So the pathologic feature that we're looking for is clusters of mast cells, so 15 or more mast cells per cluster in a section. That really makes the diagnosis for you. It's not so much the numbers of mast cells that we're looking for; it's those clusters. And then typically within those clusters, you'll see the CD25 staining. That's really the key. And then, as mentioned, we're going to rule out other conditions as well, like inflammatory bowel disease. Interestingly, the pathology doesn't necessarily correlate with the degree of symptoms; the GI symptoms, those mast cell mediator-type symptoms I mentioned, don't always correlate with the pathology.
The treatment, fortunately, standard mast cell treatments do work well, such as antihistamines and stabilizers, like cromolyn. But, as mentioned in other talks, the patients that are intolerant or on many meds, the TKI therapies can be very helpful, particularly the approved avapritinib. Some of the older therapies had GI toxicities that we had to monitor for. But fortunately, avapritinib, we have not seen that.
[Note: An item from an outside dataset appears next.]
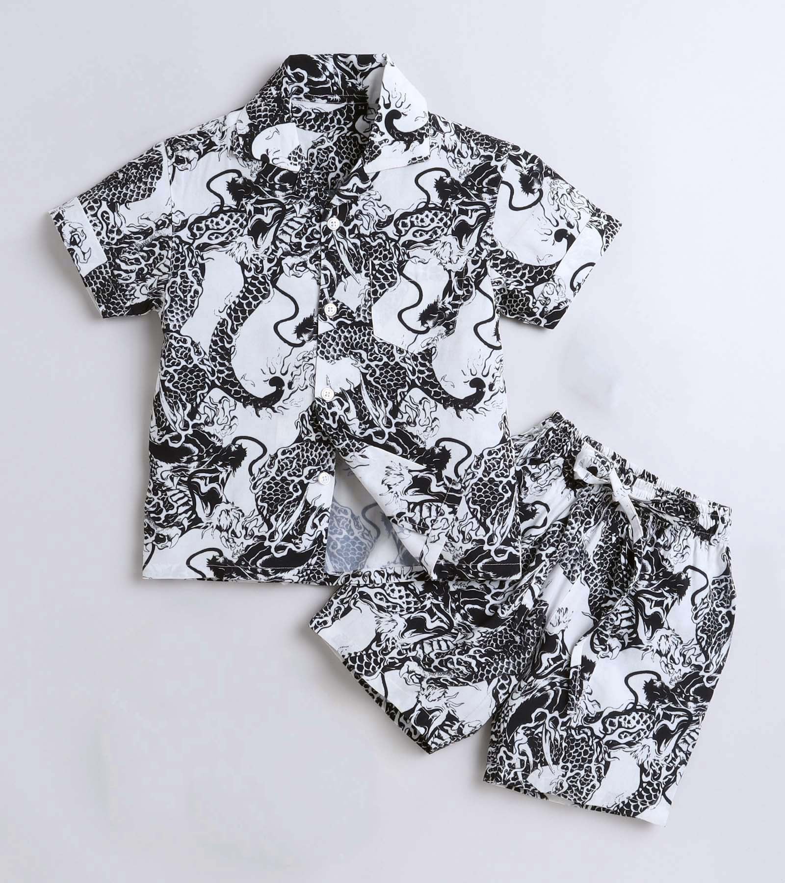 Boys co-ord set in a striking all over print. Made from soft Viscose fabric and has a elasticated waistband with side pockets for a comfortable fit.

So that's it, Dr. Akin. Thank you again for involving me.
Dr. Akin:
We looked at the multidisciplinary approach to managing patients with suspected ISM. We hope you found our presentations useful and can apply them in your clinical practice. Unfortunately, that's all the time we have today, so I want to thank you, our audience, for listening in. And many thanks to Dr. Daniel DeAngelo and Dr. Matthew Hamilton for joining me and for sharing all their valuable insights. It was great speaking with both of you today.
Dr. DeAngelo:
I want to thank you again for allowing me to participate. I hope this was helpful.
Dr. Hamilton:
Absolutely. Thank you so much. This was great.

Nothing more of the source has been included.